髪の毛を掴まれて無理やり起き上がらされた。相手は三人だった。全員ヘルメットを被り、サングラスに手ぬぐいで顔を隠し、揃って白衣を着ていた。僕の髪を掴んでいる奴が手ぬぐいを緩め、他の二人に笑いかけた。僕を指差しながら何か話しているらしい。聴覚がイカレたのか、何を言っているのかはわからなかった。
 ただ、奴らは嘲笑っていた。嘲笑っていやがった。こっちは痛ぇんだよちくしょう。ちくしょう。ふざけんなよ。殺すぞ。マジで殺すぞ。殺してやる。ぶっ殺してやる。お前ら。ナメてんじゃねぇ。僕を誰だと思ってやがる。

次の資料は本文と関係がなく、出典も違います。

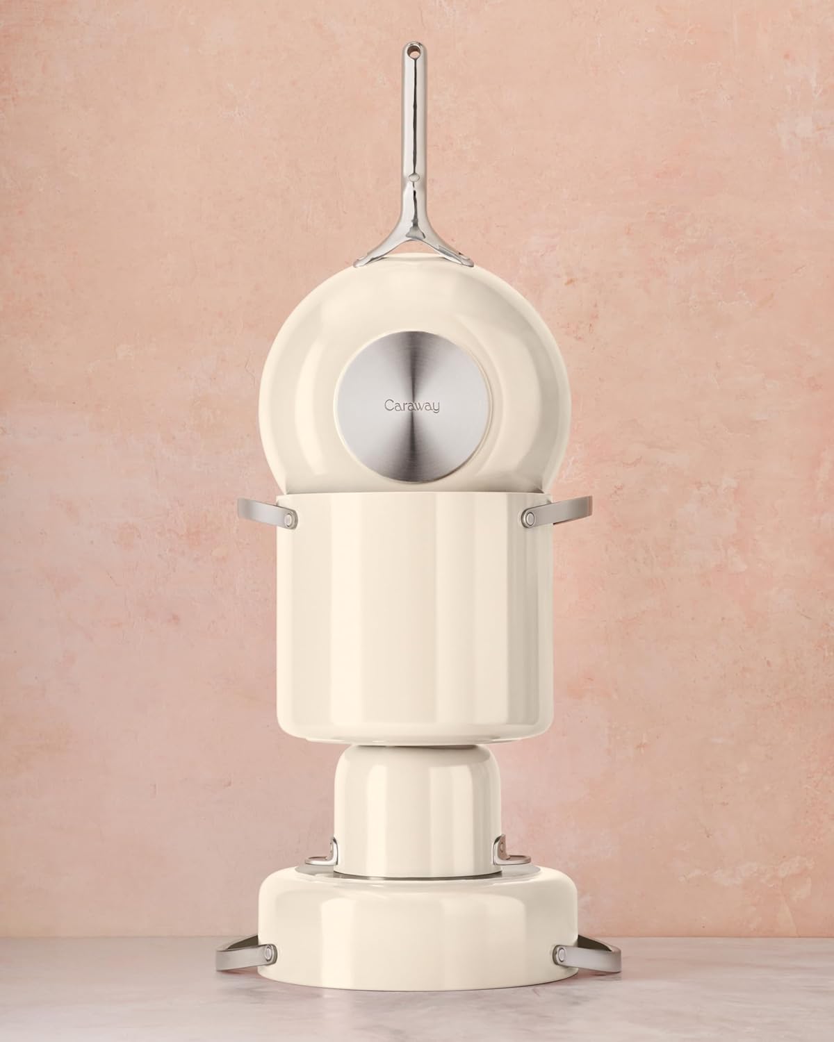 Caraway Cookware+ Collection - Specialty Cookware Set - Petite Cooker, Stir Fry Pan, Rondeau, & Stock Pot - 3 Lids & Storage Organizer Included - Cream
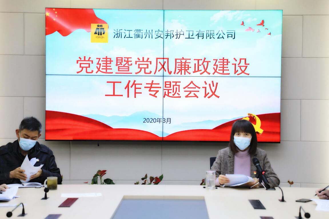3月31日,衢州安邦护卫公司召开2020年党建、党风廉政建设暨全面从严治党工作会议。主要任务是:学习贯彻党的十九届四中全会、十九届中央纪委四次全会,省委十四届六次会议、省纪委十四届五次全会会议精神,部署2020年重点任务,深入推进做好当前及今后一个时期公司党建、党风廉政建设和全面从严治党工作,以高质量党建引领和保障公司高质量发展。
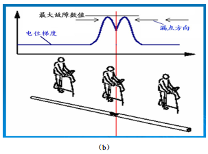 (4)目標電纜測試,可以根據電流指示方向確定。若是目標電纜,箭頭指示為電流來(lái)的方向即指向發(fā)射機方向,反之箭頭指示將背向發(fā)射機。存在干擾區域,可以使用此方法進(jìn)行驗證。
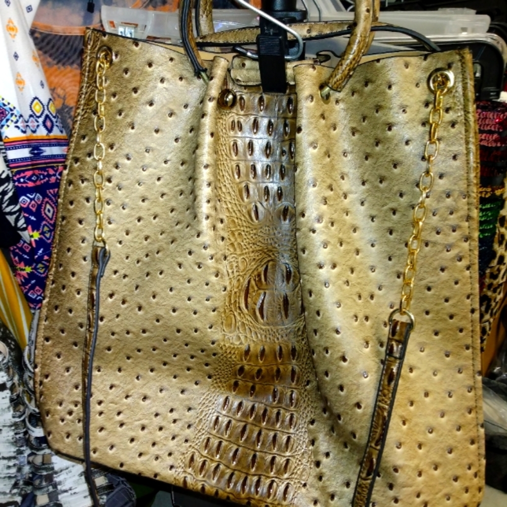 Tan and Brown Circular Short Handle w/Long Shoulder Strap included

 身体は動かない。だが、たった一つ動く武器が僕にはあった。血だらけになってるけど、たった一箇所だけ、頼りになるのは――口、クチ、クチ、クククククチッチチチチッチチチチ「あああああああああ」
 迷うことなどなかった。僕は目の前の奴の喉笛に咬みついた。連中が何だか声をあげているけど、関係ないね。歯と顎に全力を込める。歯が肉に食い込んだら、さらに、もっと、もっと、もっとだ。完全に喰らいついた。血の味しかしない。グチャグチャのヌルヌル。正直不味い――が、もう勢いで押し切るしかないよね。ここまできたらさ。
 ――――そう、後は食い千切るだけ。
 肉を破れぇぇぇぇぇ!!!!!
 ガリだかグチュだか嫌な音がして、僕は目の前の少女、そうだ言い忘れてけど少女だったよ、の喉を食い破った。皮と肉を吐き出して、身体に鞭を打つどころか釘バットを打つくらいに――ってさっき鉄パイプ打たれてるけどね。なんとか立ち上がった。他の二人も手ぬぐいやサングラスを外していて、はっきりとその顔が見えた。僕と同い年くらいの少女が二人。真っ青になっていやがった。僕からしてみれば人様の家に無断で上がりこんでおいて撲殺しようとするその根性の方に青ざめたくなるけどね。まぁいいや。閑話休題。
「ちょーっとお仕置ききつかったかなぁ」
 そう大仰な調子で言ってから、目の前で喉を押さえてのたうち回ってる少女に一発蹴りをいれた。押さえていた喉から再び血が吹き出す。
「危うく殺されるとこだったよ」
 口の中が気持ち悪い。血と肉の味が混ざって吐き気がする。もう一回血と唾を吐いておいた。すっかりたじろいでいる二人組みを見ると、やっこさんたちすっかりブルってらっしゃる。引かれちゃったかしらー?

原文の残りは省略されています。